From 8cc3fe76693e0c60b8780c69a562b17831bf50a3 Mon Sep 17 00:00:00 2001
From: Matthew Farrellee <matt@cs.wisc.edu>
Date: Wed, 16 Jul 2025 05:21:25 -0400
Subject: [PATCH] chore: remove vision model URL workarounds and simplify
 client creation

The vision models are now available at the standard URL, so the workaround
code has been removed.

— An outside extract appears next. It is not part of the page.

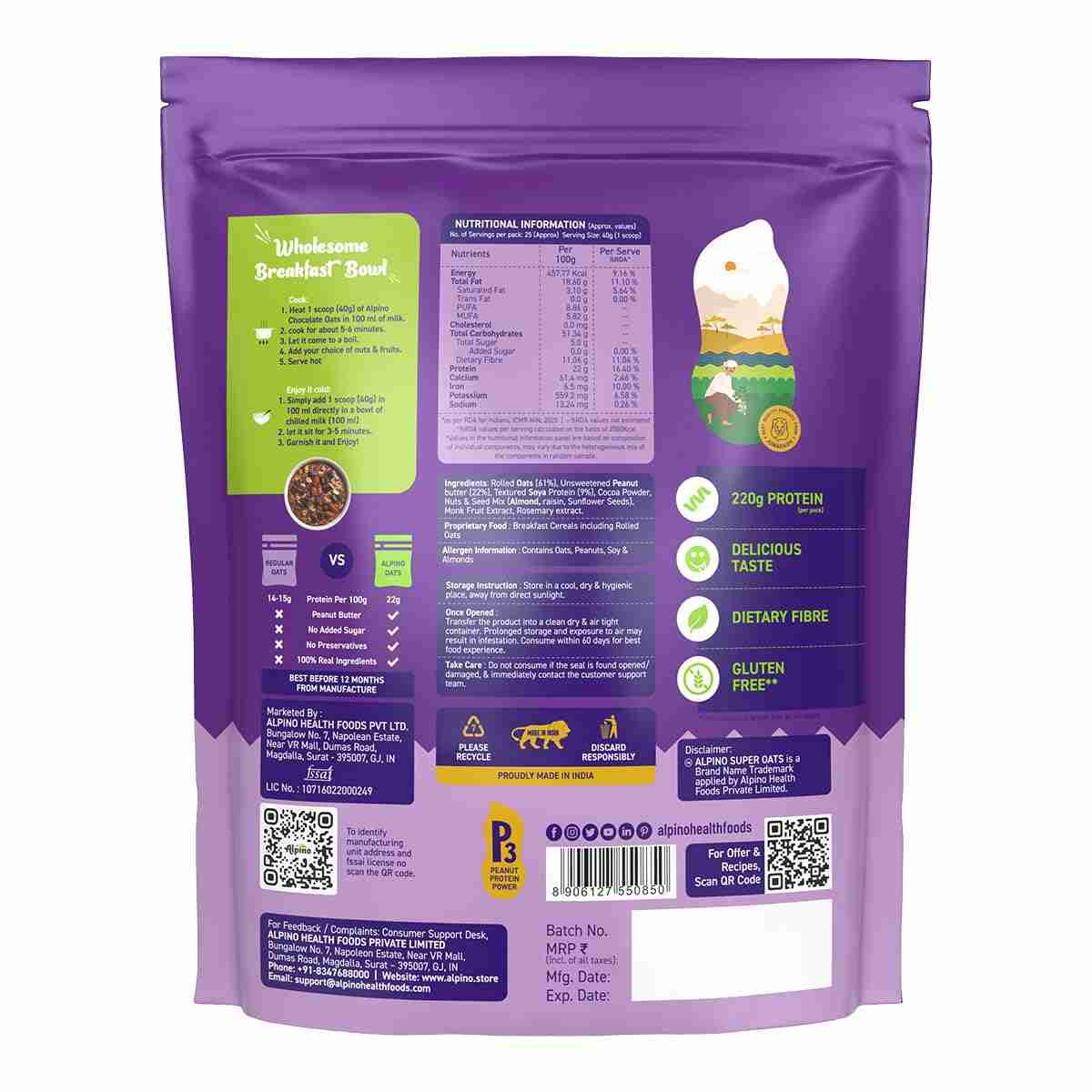 Fuel your day with the wholesome goodness of ALPINO High Protein Super Oats Chocolate. This product combines the power of rolled oats, natural peanut butter, rich cocoa powder, and a blend of nuts and seeds, delivering a delicious and nutritious breakfast or snack. With 22% protein, this super oats mix supports your active lifestyle while providing essential dietary fibre and healthy fats.

This also simplifies the codebase by eliminating
the need for per-model client caching.

- Remove special URL handling for meta/llama-3.2-11b/90b-vision-instruct models
- Convert _get_client method to _client property for cleaner API
- Remove unnecessary lru_cache decorator and functools import
- Simplify client creation logic to use single base URL for all models
---
 .../remote/inference/nvidia/nvidia.py         | 47 +++++--------------
 .../nvidia/test_supervised_fine_tuning.py     |  3 +-
 2 files changed, 15 insertions(+), 35 deletions(-)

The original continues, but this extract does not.